Minor Ginsenoside Rg2 and Rh1 Attenuates LPS-Induced Acute Liver and Kidney Damages via Downregulating Activation of TLR4-STAT1 and Inflammatory Cytokine Production in Macrophages.

Ginsenosides have been reported to have various biological effects, such as immune regulation and anticancer activity. In this study, we investigated the anti-inflammatory role of a combination of Rg2 and Rh1, which are minor ginsenosides, in lipopolysaccharide (LPS)-stimulated inflammation. In vitro experiments were performed using the RAW264.7 cell line, and an in vivo model of inflammation was established using LPS-treated ICR mice. We employed Griess assay, 3-(4,5-dimethylthiazol-2-yl)-2,5-diphenyltetrazolium bromide (MTT) assay, quantitative reverse transcriptase-polymerase chain reaction, western blotting, immunofluorescence staining, and hematoxylin and eosin staining to evaluate the effect of Rg2 and Rh1. We found that Rg2 and Rh1 significantly decreased LPS-induced major inflammatory mediator production, inducible-nitric oxide synthase expression, and nitric oxide production in macrophages. Moreover, Rg2 and Rh1 combination treatment inhibited the binding of LPS to toll-like receptor 4 (TLR4) on peritoneal macrophages. Therefore, the combination of ginsenoside Rg2 and Rh1 suppressed inflammation by abolishing the binding of LPS to TLR4, thereby inhibiting the TLR4-mediated signaling pathway.

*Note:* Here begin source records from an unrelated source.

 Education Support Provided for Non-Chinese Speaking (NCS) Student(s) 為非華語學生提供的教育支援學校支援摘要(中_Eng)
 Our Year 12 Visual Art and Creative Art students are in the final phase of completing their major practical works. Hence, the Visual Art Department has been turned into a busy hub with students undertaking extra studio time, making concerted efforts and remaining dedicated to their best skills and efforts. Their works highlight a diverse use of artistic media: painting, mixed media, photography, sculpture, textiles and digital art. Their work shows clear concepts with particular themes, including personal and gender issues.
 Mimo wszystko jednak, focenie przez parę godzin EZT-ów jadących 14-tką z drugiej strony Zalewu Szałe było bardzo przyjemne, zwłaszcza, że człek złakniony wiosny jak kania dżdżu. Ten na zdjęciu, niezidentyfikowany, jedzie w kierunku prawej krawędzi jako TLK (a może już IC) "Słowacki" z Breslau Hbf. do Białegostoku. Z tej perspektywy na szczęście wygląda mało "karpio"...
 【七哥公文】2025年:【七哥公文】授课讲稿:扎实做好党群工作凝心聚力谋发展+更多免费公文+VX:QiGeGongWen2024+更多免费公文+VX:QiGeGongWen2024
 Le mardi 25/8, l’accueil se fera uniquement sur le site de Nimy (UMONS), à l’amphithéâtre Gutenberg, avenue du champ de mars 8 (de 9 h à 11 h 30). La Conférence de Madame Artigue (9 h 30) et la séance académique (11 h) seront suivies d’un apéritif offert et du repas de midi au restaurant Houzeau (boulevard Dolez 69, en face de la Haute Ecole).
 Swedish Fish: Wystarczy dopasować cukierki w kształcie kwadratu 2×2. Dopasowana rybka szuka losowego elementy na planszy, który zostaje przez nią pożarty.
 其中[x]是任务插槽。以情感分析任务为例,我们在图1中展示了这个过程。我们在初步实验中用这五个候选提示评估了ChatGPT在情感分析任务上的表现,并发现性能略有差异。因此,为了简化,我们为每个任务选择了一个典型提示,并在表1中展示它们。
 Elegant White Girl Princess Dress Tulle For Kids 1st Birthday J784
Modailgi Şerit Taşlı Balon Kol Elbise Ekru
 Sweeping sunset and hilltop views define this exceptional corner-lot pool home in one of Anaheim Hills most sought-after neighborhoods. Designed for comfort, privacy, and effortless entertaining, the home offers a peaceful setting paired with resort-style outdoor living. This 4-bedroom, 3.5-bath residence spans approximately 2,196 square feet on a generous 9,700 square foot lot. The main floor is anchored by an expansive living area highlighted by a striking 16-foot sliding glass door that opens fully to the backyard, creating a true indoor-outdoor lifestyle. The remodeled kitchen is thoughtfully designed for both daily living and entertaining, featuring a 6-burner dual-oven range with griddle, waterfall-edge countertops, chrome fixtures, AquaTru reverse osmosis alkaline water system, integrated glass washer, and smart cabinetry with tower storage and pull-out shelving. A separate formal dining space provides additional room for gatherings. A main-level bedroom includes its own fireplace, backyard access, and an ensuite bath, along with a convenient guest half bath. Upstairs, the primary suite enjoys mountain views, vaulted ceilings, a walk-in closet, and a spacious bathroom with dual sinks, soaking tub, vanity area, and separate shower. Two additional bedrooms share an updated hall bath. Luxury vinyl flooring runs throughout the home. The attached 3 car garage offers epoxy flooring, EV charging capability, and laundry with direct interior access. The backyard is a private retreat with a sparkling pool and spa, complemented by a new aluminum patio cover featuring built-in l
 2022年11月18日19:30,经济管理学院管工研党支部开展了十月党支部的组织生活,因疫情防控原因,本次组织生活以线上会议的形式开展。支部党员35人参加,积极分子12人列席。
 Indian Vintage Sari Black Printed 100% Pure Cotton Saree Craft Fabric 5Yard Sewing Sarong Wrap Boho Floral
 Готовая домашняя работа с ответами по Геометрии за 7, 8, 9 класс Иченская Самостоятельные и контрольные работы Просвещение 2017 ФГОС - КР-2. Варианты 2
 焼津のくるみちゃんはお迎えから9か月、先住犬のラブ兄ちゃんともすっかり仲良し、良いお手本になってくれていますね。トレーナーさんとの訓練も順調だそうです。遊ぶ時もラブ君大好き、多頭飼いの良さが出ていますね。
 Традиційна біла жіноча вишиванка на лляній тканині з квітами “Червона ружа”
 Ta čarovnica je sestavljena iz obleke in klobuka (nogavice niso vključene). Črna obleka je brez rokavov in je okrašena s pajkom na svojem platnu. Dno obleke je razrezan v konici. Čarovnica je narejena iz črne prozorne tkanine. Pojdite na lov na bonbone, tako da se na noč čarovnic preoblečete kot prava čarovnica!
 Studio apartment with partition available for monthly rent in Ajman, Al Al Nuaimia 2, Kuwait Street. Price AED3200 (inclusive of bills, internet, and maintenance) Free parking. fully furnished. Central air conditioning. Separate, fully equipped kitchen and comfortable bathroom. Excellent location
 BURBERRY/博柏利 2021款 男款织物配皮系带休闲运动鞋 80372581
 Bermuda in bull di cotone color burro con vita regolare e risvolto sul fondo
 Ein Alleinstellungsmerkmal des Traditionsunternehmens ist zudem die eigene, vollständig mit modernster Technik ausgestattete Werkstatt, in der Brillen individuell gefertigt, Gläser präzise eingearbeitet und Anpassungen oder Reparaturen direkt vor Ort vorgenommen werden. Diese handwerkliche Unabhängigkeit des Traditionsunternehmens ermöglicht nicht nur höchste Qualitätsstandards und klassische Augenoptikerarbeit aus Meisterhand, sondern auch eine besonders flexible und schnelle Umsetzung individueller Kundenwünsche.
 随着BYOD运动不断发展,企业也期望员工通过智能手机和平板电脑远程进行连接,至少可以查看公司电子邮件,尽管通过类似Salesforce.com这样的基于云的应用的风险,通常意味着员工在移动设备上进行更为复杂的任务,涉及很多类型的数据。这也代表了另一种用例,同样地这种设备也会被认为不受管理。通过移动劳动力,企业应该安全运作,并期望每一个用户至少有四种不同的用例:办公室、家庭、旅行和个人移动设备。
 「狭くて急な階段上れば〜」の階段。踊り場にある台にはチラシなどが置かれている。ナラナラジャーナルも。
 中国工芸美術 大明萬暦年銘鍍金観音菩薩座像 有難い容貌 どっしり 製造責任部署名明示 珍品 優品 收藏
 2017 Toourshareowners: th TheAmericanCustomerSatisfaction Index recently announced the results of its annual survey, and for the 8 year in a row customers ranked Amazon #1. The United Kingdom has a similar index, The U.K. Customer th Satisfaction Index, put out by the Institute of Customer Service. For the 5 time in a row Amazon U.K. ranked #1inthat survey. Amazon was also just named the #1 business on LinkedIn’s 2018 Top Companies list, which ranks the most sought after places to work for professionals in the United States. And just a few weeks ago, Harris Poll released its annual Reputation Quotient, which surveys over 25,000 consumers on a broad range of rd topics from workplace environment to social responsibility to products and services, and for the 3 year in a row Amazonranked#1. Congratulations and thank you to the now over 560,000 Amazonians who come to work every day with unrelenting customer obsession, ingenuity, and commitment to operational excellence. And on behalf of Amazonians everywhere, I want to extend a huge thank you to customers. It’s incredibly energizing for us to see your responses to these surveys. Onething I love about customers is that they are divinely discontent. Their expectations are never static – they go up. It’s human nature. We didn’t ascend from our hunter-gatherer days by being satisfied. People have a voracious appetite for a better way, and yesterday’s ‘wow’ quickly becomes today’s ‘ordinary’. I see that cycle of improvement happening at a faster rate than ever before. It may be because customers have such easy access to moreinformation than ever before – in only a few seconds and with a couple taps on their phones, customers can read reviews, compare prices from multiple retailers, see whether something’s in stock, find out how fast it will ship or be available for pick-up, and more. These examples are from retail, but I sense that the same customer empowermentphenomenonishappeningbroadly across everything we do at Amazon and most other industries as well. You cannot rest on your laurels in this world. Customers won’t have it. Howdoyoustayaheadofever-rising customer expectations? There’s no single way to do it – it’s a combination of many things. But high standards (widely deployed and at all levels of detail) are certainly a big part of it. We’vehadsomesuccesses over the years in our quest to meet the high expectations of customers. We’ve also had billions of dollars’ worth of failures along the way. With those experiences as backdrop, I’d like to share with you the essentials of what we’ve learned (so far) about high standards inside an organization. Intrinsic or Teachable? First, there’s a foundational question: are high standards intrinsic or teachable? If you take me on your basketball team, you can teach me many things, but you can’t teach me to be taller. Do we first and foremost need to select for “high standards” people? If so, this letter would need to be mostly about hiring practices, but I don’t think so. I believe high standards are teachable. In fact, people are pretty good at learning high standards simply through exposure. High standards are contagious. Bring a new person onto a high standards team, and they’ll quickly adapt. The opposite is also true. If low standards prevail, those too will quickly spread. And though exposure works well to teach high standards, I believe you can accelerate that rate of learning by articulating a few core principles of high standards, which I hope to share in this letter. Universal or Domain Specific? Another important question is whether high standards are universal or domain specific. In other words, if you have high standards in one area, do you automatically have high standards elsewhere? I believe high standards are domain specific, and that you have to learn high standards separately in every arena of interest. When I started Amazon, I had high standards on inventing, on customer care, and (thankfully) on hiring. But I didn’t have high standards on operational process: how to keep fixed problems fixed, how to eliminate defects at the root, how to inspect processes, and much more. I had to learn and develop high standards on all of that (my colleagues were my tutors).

The combined ginsenoside synergistically blocked LPS-mediated PKCδ translocation to the plasma membrane, resulting in p38-STAT1 activation and NF-κB translocation. In addition, mRNA levels of pro-inflammatory cytokines, including TNF-α, IL-1β, and IFN-β, were significantly decreased by combined ginsenoside treatment. Notably, the 20 mg/kg ginsenoside treatment significantly reduced LPS-induced acute tissue inflammation levels in vivo, as indicated by the tissue histological damage scores and the levels of biochemical markers for liver and kidney function from mouse serum. These results suggest that the minor ginsenosides Rg2 and Rh1 may play a key role in prevention of LPS-induced acute inflammation and tissue damage.